15. The method of claim 14 further comprising processing, by a payment module, a payment for a transaction of the user based on the authentication of the user without requesting any personal information from the user.

16. The method of claim 10 further comprising:

authenticating, by the authentication module, the user based on at least one of an image, a video of the user, and an identifier provided by the user;

enabling, by the authentication module, the user to authorise an entity; and

enabling, by an automatic report fetching module, the authorised entity by the user to access at least one report of the one or more reports of the user after authentication of the user.

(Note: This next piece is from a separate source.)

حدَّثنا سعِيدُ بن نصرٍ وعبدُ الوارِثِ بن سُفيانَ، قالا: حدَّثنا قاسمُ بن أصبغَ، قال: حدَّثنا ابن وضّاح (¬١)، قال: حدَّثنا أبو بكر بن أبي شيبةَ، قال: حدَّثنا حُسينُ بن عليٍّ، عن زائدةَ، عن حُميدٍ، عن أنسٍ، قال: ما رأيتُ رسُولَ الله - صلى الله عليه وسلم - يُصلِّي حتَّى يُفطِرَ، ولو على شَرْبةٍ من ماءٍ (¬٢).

17. A contactless biometric authentication system for authenticating a plurality of users without requiring the plurality of users to present any device or personal information, comprising:

an onboarding module configured to enable the plurality of users to register with the contactless biometric authentication system, comprising:

an input module configured to receive registration information from a user of the plurality of users, wherein the registration information comprises at least one of image and a video, a gesture, one or more identity document, and payment information of the user; and

a verification module configured to:

verify the registration information with one or more issuing authority to determine whether they are authentic and are associated with the user;

verify the payment information and associates the payment information with the record of the user; and

a three-dimensional (3D) liveliness detection module configured to:

scan at least one of a body part, a facial expression, and a gesture of the user; and

create a 3D map of the user in real-time based on the scanning; and

an authentication module configured to authenticate an identity of the user by searching for a matching record based on the scanning from a plurality of pre-stored records of the plurality of users, wherein the user is authenticated when the matching record is found, further wherein the authentication module prompts the user to register when the matching record is not found, wherein no personal information is requested from the user for authentication, wherein the 3D liveliness detection module deletes the 3D map of the user after completion of the searching of the matching record; and

a payment module configured to process a payment for a transaction of the user based on the authentication of the user.

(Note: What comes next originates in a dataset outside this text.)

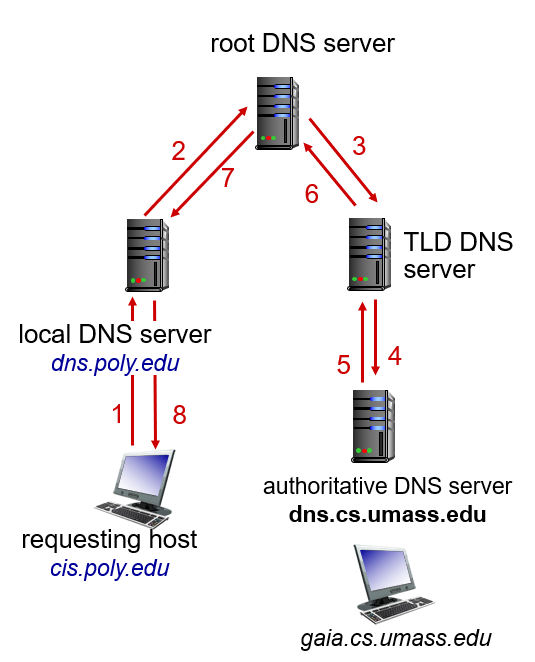 - The client then contacts one of these TLD servers, which returns the IP address of an authoritative server.

18. The contactless biometric authentication system of claim 17, wherein the at least one body part comprises at least one of a face, a palm, a thumb, at least one finger, hand, and at least one eye of the user.

19. The contactless biometric authentication system of claim 17 further comprising an automatic report fetching module configured to enable an entity authorised by the user to access at least one report of the one or more reports of the user after authentication of the user.

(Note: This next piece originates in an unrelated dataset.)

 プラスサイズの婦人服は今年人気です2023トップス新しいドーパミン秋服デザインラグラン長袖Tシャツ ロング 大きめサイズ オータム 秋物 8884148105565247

20. A biometric authentication system for authenticating a plurality of users without requesting any personal information or device from the plurality of users, comprising:

an input module configured to receive registration information from a user of the plurality of users, wherein the registration information comprises at least one of image, a video and one or more identity document of the user;

a machine learning module configured to:

detect blur and bad image; and

a verification module configured to:

a three-dimensional (3D) liveliness detection module configured to:

scan a face of the user; and

create a 3D face map of the user in real-time based on the scanning;

an authentication module configured to authenticate an identity of the user by searching for a matching record based on the scanning of the face from a plurality of pre-stored records of the plurality of users, wherein the user is authenticated when the matching record is found, further wherein the authentication module prompts the user to register when the matching record is not found, wherein no personal information is requested from the user for authentication, wherein the 3D liveliness detection module deletes the face map of the user after completion of the searching of the matching record; and

an automatic report fetching module configured to enable an entity authorised by the user to access at least one report of the one or more reports of the user after authentication of the user.